Bor madenini katma kıymetli hale getirerek orta ve uç eser olarak satmayı da hedeflediklerini lisana getiren Bayraktar, şöyle devam etti:
“Bu doğrultuda savunma endüstrisinde ve aşınmaya güçlü makine kesimlerinin üretiminde kullanılan bor karbür üretimi için kurduğumuz Balıkesir Bandırma’da yıllık 1000 ton kapasiteli tesisimizde üretim faaliyetleri devam ediyor. Çelik üretimi ve neodiyum mıknatıs başta olmak üzere pek çok alanda kullanılan ve yeniden Bandırma’da imaline başladığımız 800 ton kapasiteli Ferrobor Üretim Tesisi’ni de önümüzdeki günlerde hizmete açacağız. Türkiye az toprak elementleri alanında büyük bir potansiyele sahip. Az toprak elementlerini saflaştırarak en son ham unsura dönüştürecek endüstriyel tesisin konseyimi konusunda farklı ülkelerle, farklı işbirliği modelleri görüşmelerimiz devam ediyor. Bu alana yapacağımız yatırımlarla ülkemizi dünyada ender toprak elementleri üretebilen 5 ülkeden biri haline getireceğiz.”
Yenilenebilir güç, elektrik depolama ve elektrikli araç teknolojilerinin yanı sıra savunma sanayi üzere ileri teknoloji alanlarında kritik ve stratejik madenlerin kullanıldığını aktaran Bayraktar, “Bu nedenle ‘Türkiye Kritik ve Stratejik Hammaddeler’ raporunu hazırladık. Kritik mineraller konusunda ithalat bağımlılığımızı azaltacak ve arz güvenliği stratejimizi ortaya koyacak bu raporu sizlerle ve kamuoyumuz ile önümüzdeki günlerde paylaşacağız.” diye konuştu.

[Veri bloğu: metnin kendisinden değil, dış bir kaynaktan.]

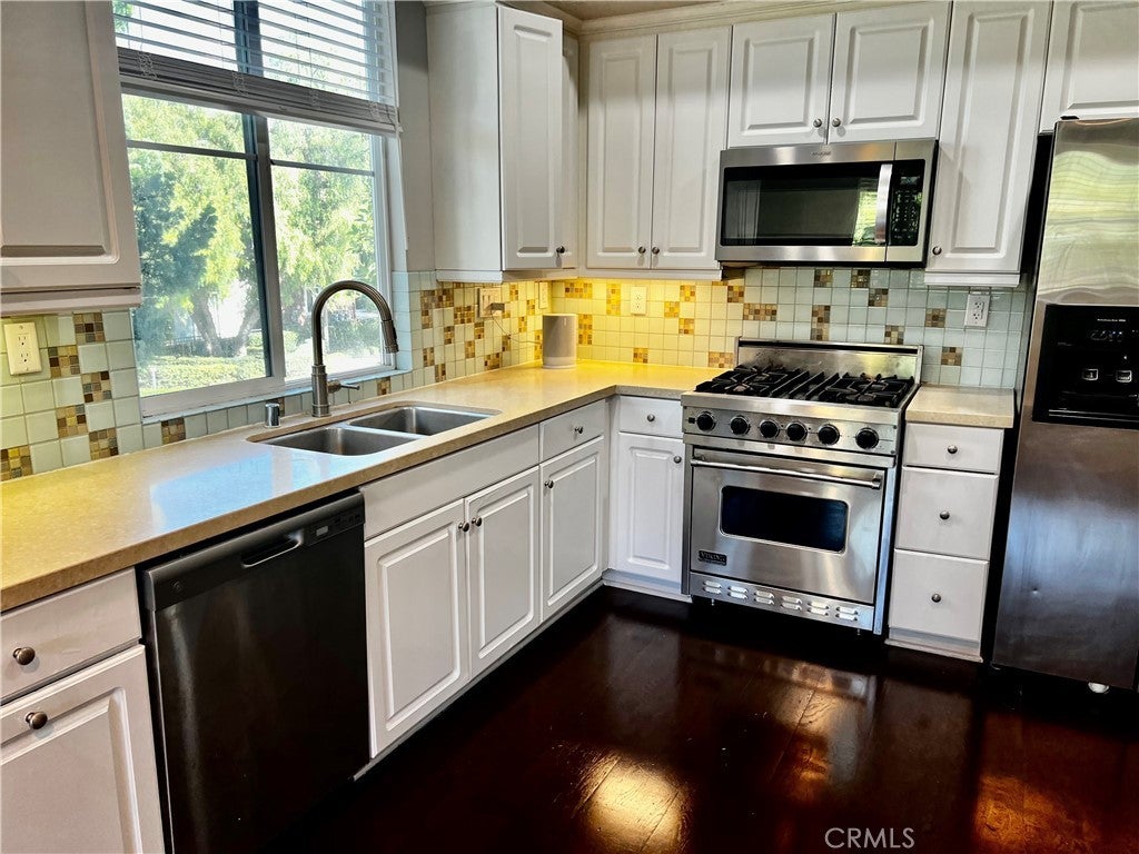 Bright and beautifully updated end-unit three-story townhome located in the desirable Tustin Fields I community. This spacious home features three bedrooms, three and a half bathrooms, and a versatile downstairs office with a powder room — perfect for remote work or guests. The main living level offers an open-concept layout with a welcoming family room featuring wood flooring and a cozy fireplace, a comfortable dining area, and a modern kitchen with quartz countertops and premium appliances including a Viking range, stainless steel refrigerator, microwave, and dishwasher. Large windows fill the home with natural light and showcase views of the adjacent park and open space. Upstairs, each bedroom includes its own private bathroom and closet. The home has been freshly painted throughout, includes brand-new carpet, and features new upgraded window coverings for a clean, contemporary look. A washer and dryer are also included for added convenience. The lower level provides direct access to the attached two-car garage. As an end unit, this home enjoys added privacy, extra windows, and an open, airy atmosphere. Residents of Tustin Fields enjoy community amenities including a pool, spa, clubhouse, BBQ areas, and playgrounds — all within the award-winning Irvine Unified School District. Ideally located near The District, John Wayne Airport, parks, and major freeways, this home offers modern comfort, convenience, and a prime Tustin location.

Bayraktar, yatırımcıların karşılaştıkları en kıymetli zorlukların başında müsaade süreçlerinin uzunluğu olduğunu, bir maden alanının üretime geçebilmesi için en az 13 yıl gerektiğini anlattı.
Hukuki güvenilirliği ve öngörülebilirliği arttırmayı, müsaade süreçlerini kısaltarak yatırım ortamını uygunlaştırmayı, yeni rezerv keşifleriyle, cari açığı azaltmayı ve stratejik ve kritik madenlerde Türkiye’nin arz güvenliğini sağlamayı hedeflediklerini aktaran Bayraktar, bu düzenlemeleri içeren paketi yakın vakitte Meclise sunacakları bilgisini verdi.
– Rehabilitasyon çalışmaları kapsamında 21 milyon ağaç dikildi
Madenlerde sıkı ve aktif kontrol yapıldığını, madencilik faaliyetlerinin sonlandırıldığı alanları tabiata tekrar kazandırdıklarını belirten Bayraktar, şunları kaydetti:
“2023’te 8 bin 828, aralık başı prestijiyle ise 8 bin 546 saha kontrolü yaptık. Bu yıl sonuna kadar yaklaşık 9 bin saha kontrol sayısına ulaşacağız. Bu kontrollerde radar, sonar, dron, elektronik takip ve dijital ikaz sistemleri üzere teknolojileri de kullanıyoruz. Madencilerimize verdiğimiz bedelin, üretimi ve istihdamı artıracağının farkındayız. Rehabilitasyon çalışmaları kapsamında bugüne kadar 45 vilayette 9 bin hektar yani 13 bin futbol alanı büyüklüğündeki alana 21 milyon adet ağaç dikildi. Yapmayı planladığımız yeni düzenleme ile madencilik faaliyeti yürütülen alanların daha süratli halde rehabilite edilmesini de sağlayacağız.”
– “Kritik madenler konusunda çok faal rol almak üzere üstümüze düşene hazırız”
Türkiye Madenciler Derneği (TMD) Başkanı Mehmet Yılmaz da Türkiye’nin doğal taş rezerv çeşitliliğinde dünyanın sayılı ülkelerinden biri olduğuna dikkati çekerek, “Metalik madenlerde çok büyük potansiyelimiz var. Boru anlatmaya gerek yok, dünyada en yüksek potansiyel, artı rezerve sahibiz. Yalnızca bilinen altın yataklarımız ki çok eski yapılan bir çalışmaya nazaran 6 bin 500 ton. Tahminen bunu bugün güncellesek 10 bin tonlardan bahsedeceğiz.” tabirlerini kullandı.
Yeşil dönüşüm kapsamında dünyada gelecek devirde en az 6 ila 9 kat daha fazla madencilik yapmak zorunda kalınacağını belirten Yılmaz, “2025’te planladığımız faaliyetlerimizle kritik madenler konusunda da çok faal rol almak üzere üstümüze düşene hazır olduğumuzu söz etmek istiyorum. Zira küresel güç noktasında da dünyada kritik bir oyuncu olmak durumundayız. Zira bulunduğumuz nokta çok kilit bir nokta. Dünyada var olan 90 çeşit mineralin 70 çeşidini bu topraklarda bulabiliyor ve üretebiliyoruz.” diye konuştu.
Açılış konuşmalarının akabinde, bu yıl birinci defa düzenlenen Sorumlu Madencilik Yarışı kapsamında üç kategoride 9 şirkete ödül verildi. Ayrıyeten, Maden Kurtarma Yarışması’na katılan 15 ekip kaptanına da mükafatları takdim edildi.